The performance of RF was observed consistently to be best while SVM was consistently observed poor. Usually, the performance of different classifiers varies from data to data and one cannot compare it specifically that one algorithm is good and the other is bad. However, in the case of the present study, it could be inferred that RF is basically the combination of multiple individual decision trees to act as an ensemble, employing multiple learners to solve the same problem, whereas, the SVM classifies binary data based on a hyperplane53,54,55,56,57. Thus, the ensemble of multiple learners performed well in our case of classifying stress response proteins.

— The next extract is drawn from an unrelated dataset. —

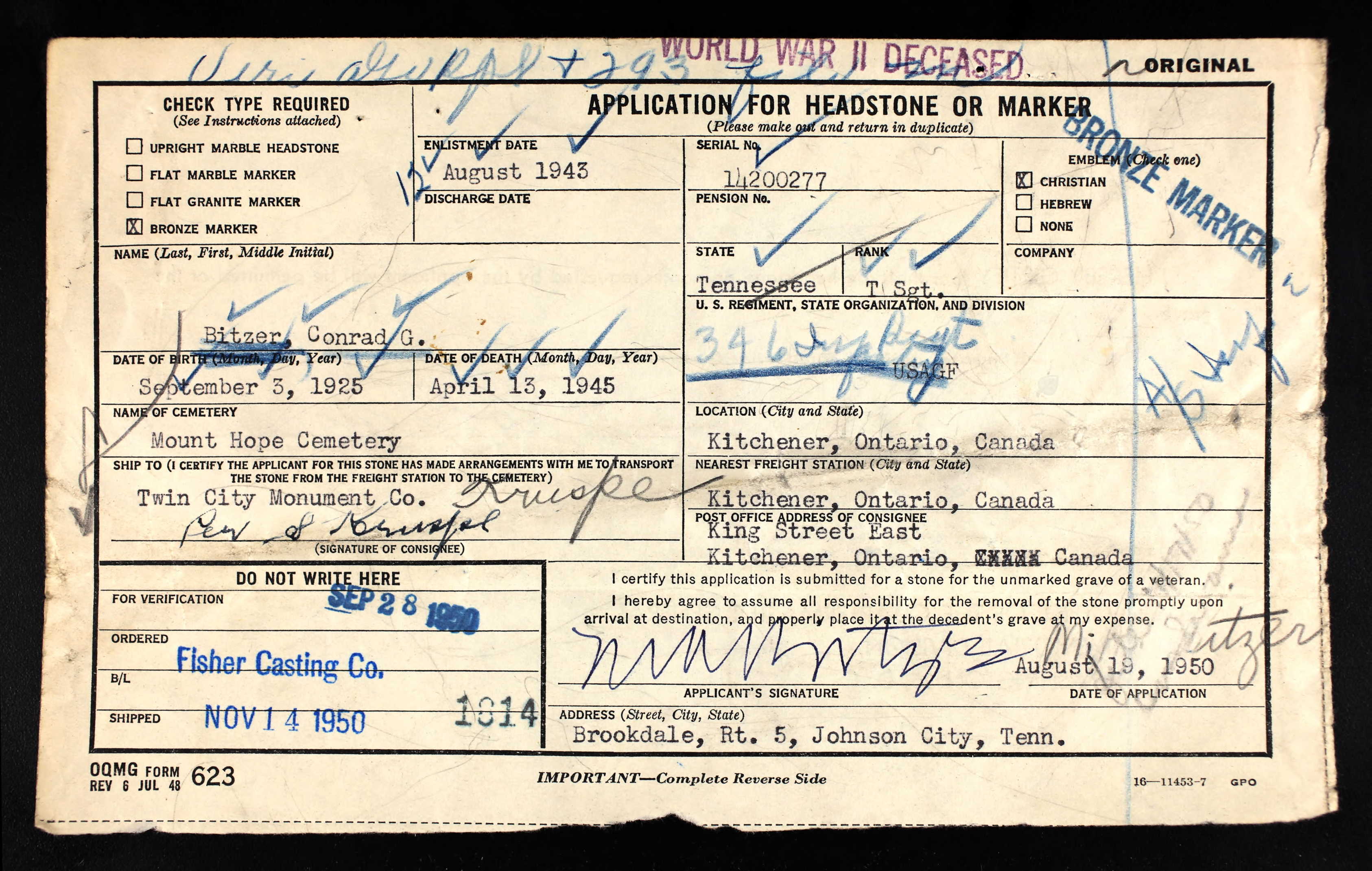 Conrad was first interred in the United States Military Cemetery Eisenach, Germany on 15 April 1945 in Plot A, Row 11, Grave 259. On 25 June 1945, he was moved to the United States Military Cemetery Margarten, Holland and placed in Plot QQ, Row 11, Grave 259. Conrad was disinterred again on 3 September 1948 and his journey to his final resting place began. He arrived Kitchener, Ontario, Canada on 14 July 1949 via New York Central Railway Train #99 at 1945 hours and was laid to rest the next day with his family present. Conrad now rests in Mount Hope Cemetery, Protestant Lot 262, Grave 6 in Kitchener, Ontario.

The results depict that the proposed stress response protein predictor can turn into a convenient high throughput apparatus for researchers exploring stress proteins. It may serve as the primary predictor to foresee protein stress reaction (Supplementary Information 1).

Webserver

The final phase is the implementation of the webserver. As discussed in58,59, the webserver enables the research community to use the latest advances. The openly available webservers show the practical usage which must be accurate and useful for prediction. For the development of a web server, the python Flask 1.0.2 framework was used to deploy models for the Stress response protein prediction. The models were implemented using Scikit-Learn, wtform 2.2.1, NumPy 1.16.3, TensorFlow 2.0.0, and Keras 2.2.4 libraries, and these libraries are used for the backend of a Webserver. Figure 14 shows the Homepage, Fig. 15 shows the introduction page, Fig. 16 shows the Prediction Server page, Fig. 17 shows the sample sequence data page, and Fig. 18 shows the results page. A live webserver is available at http://biopred.org/stressprotiens.

Figure 14
figure 14

Home page of web-server.

Figure 15
figure 15

Introduction page of web-server.

Figure 16
figure 16

Prediction server page.

Figure 17
figure 17

Sample data page.

Figure 18
figure 18

Results page of web-server.

Conclusion

In this study, Stress Response Protein prediction models based on RF, ANN and SVM are proposed. We used statistical measures to extract features from the benchmark dataset. Out of the three proposed models, the random forest classifier delivered the most elevated outcome. There are two aspects to the diligent outcome. Firstly, the experimental results strengthen the notion that the feature extraction model is forthcoming and yielding. Obscure patterns encompassed within the setup of amino acid residues within the polypeptide chain are uncovered by the proposed feature extraction technique. Secondly, out of all the classifiers discussed the most suitable classifier for deciphering each class based on the proposed feature set in random forest. Though ANN and SVM stimulate responses largely better than pure luck it is observed that random forest somehow exhibits the best capability for deciphering among classes. Rigorous testing techniques like cross-validation and jackknife testing ensure that the results are realistic and not an outcome of overfitting. Finally, the best performing model i.e., random forest is used to deploy as a web service to make it available for public use.